Attenzione, però, a un caso particolare: se sull’immobile ereditato sono state richieste agevolazioni “prima casa” in successione, la vendita prima dei 5 anni può comportare la decadenza dall’agevolazione, salvo che entro un anno venga acquistato un altro immobile da destinare ad abitazione principale, secondo le regole previste per il beneficio prima casa.
Il coniuge superstite può vendere la casa solo se ne è proprietario, in tutto o in parte, e se ci sono le condizioni giuridiche per trasferire l’immobile. Se l’abitazione è caduta in successione insieme ad altri eredi, ad esempio figli o altri chiamati, il coniuge potrà vendere solo la propria quota, salvo accordo con tutti gli altri comproprietari per vendere l’intero immobile.

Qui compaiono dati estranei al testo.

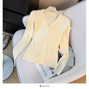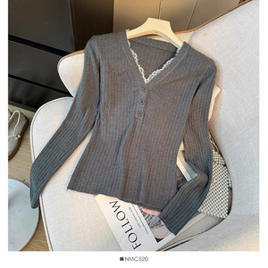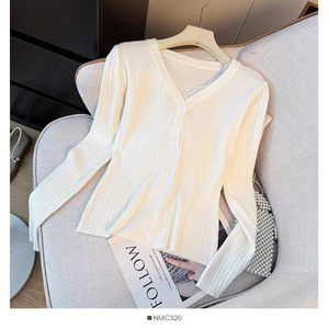 韩系V领拼接蕾丝长袖针织打底衫女秋冬季减龄修身显瘦毛衣上衣女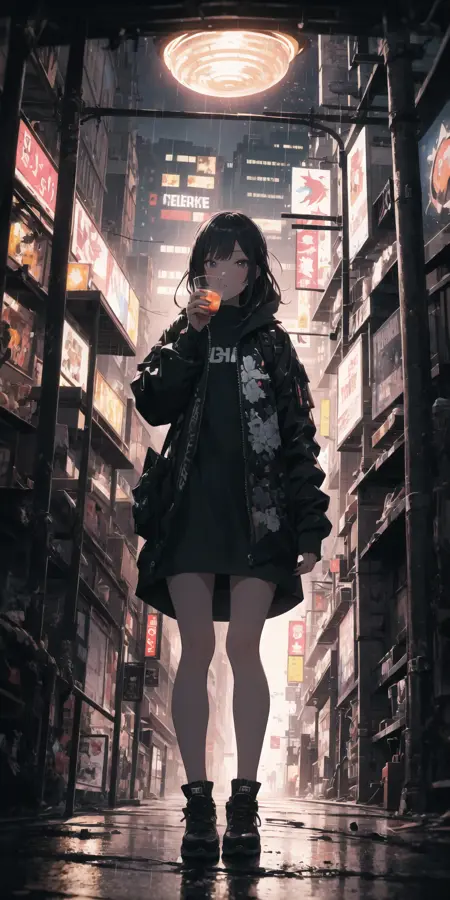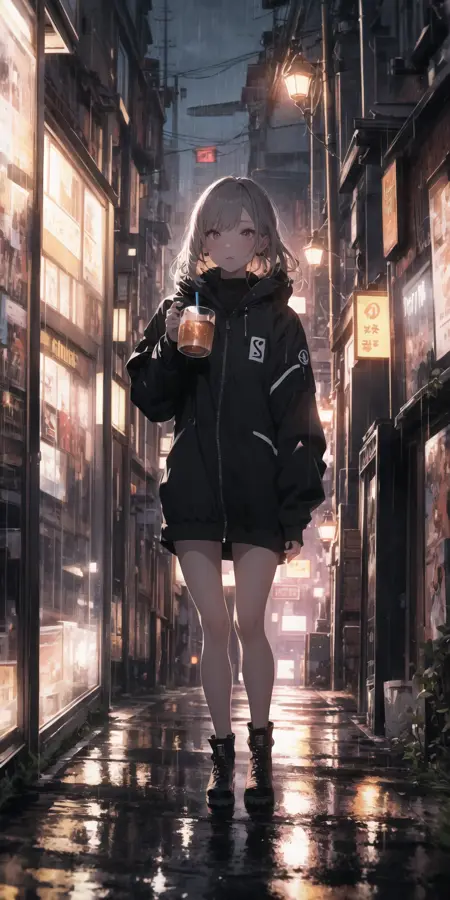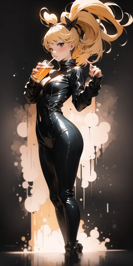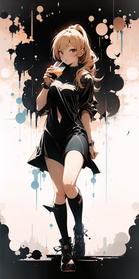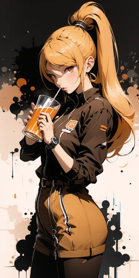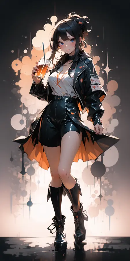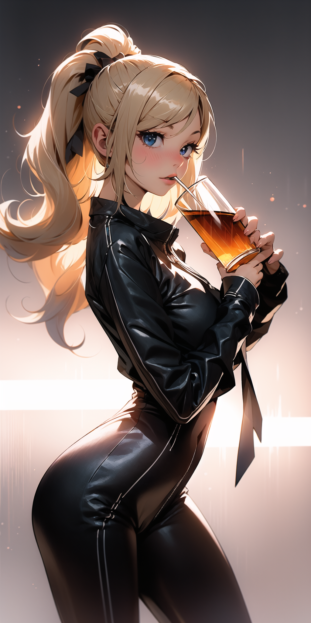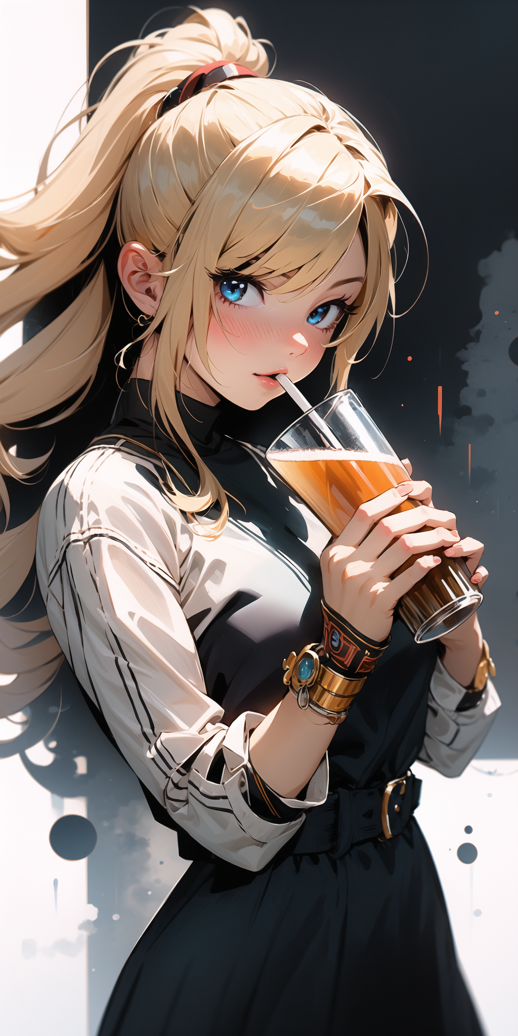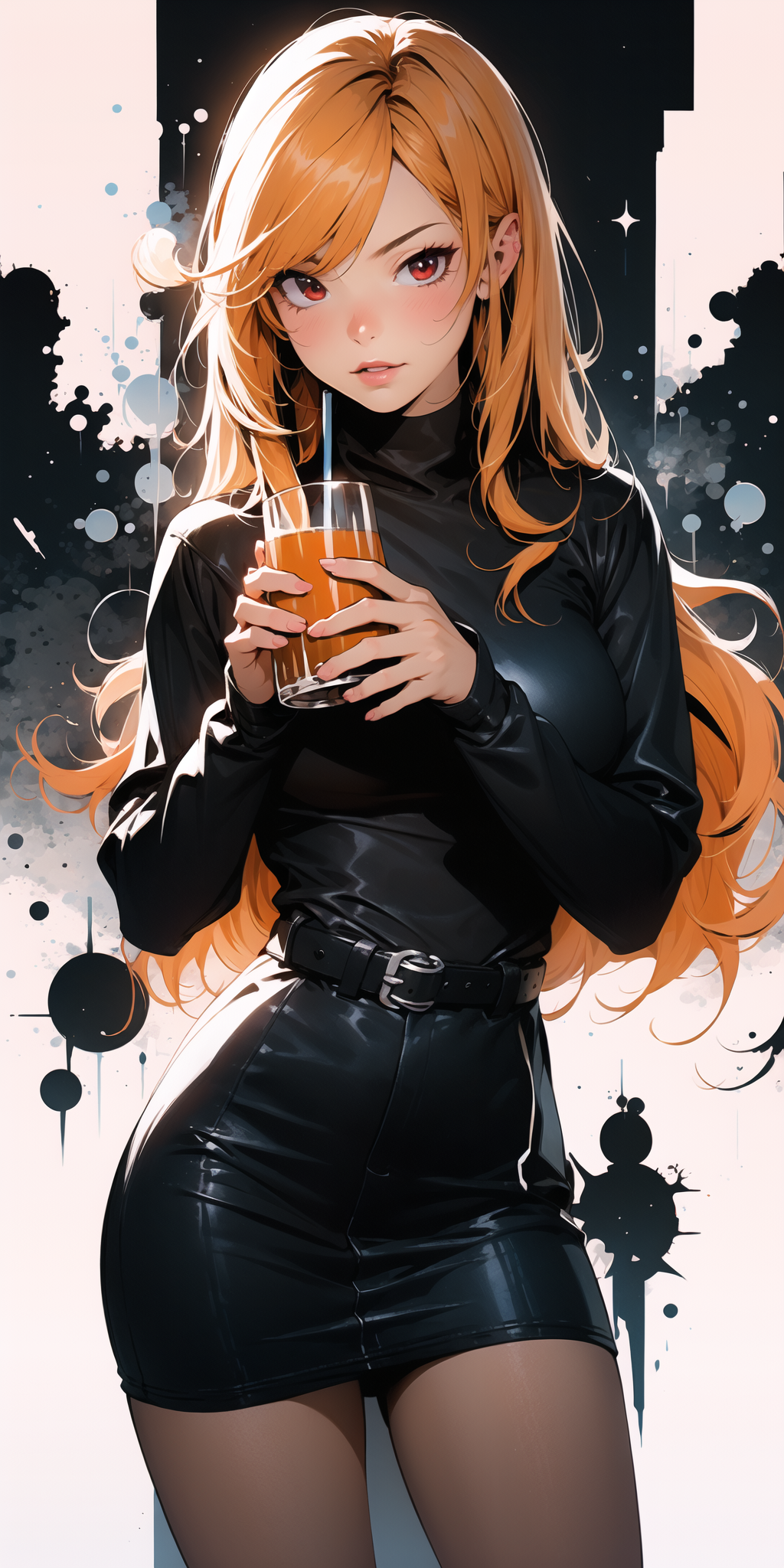 더 자세한 설명: 긴 머리, 보석, 손에 들고 있음, 셔츠, 넥타이, 팔찌, 그라데이션, 검은 치마, 흰 셔츠, 컵, 중간 크기의 가슴,

Va considerato anche il diritto di abitazione sulla casa familiare. L’art. 540 del Codice civile riconosce al coniuge superstite, anche quando concorre con altri eredi, il diritto di abitazione sulla casa adibita a residenza familiare e il diritto d’uso sui mobili che la corredano, se di proprietà del defunto o comuni.
Questo diritto può incidere sulla vendita: gli altri eredi possono essere proprietari della loro quota, ma l’immobile resta gravato dal diritto di abitazione del coniuge superstite. Di conseguenza, la casa può risultare meno appetibile sul mercato, perché l’acquirente dovrebbe rispettare tale diritto finché rimane valido.
Se invece tutti gli eredi, compreso il coniuge superstite, sono d’accordo, è possibile procedere alla vendita dell’intero immobile, regolando nell’atto notarile anche gli effetti del diritto di abitazione e la ripartizione del prezzo tra gli aventi diritto.
Può presentarla un erede, un chiamato o un legatario (anche uno solo, non è necessario che siano tutti). Il termine ordinario è 12 mesi dal decesso; oltre, è possibile la presentazione tardiva con sanzioni.
Il retratto può essere esercitato finché dura la comunione ereditaria, cioè fino alla divisione, ma la giurisprudenza lo assoggetta anche alla prescrizione ordinaria di 10 anni dalla vendita della quota. Il retratto consente ai coeredi di subentrare al terzo alle stesse condizioni dell’atto.
La dichiarazione di successione può essere presentata anche da un solo erede/chiamato. Per vendere l’immobile, chi vende deve aver accettato l’eredità e trascritto l’accettazione prima dell’atto notarile.
Per vendere la quota di eredità di un immobile bisogna prima regolarizzare la successione, accettare l’eredità e trascrivere l’accettazione. Poi si può cedere la quota a un coerede oppure a un terzo con atto notarile. Se si vende l’intera quota ereditaria a un estraneo, occorre notificare la proposta agli altri coeredi, che possono esercitare la prelazione entro 60 giorni.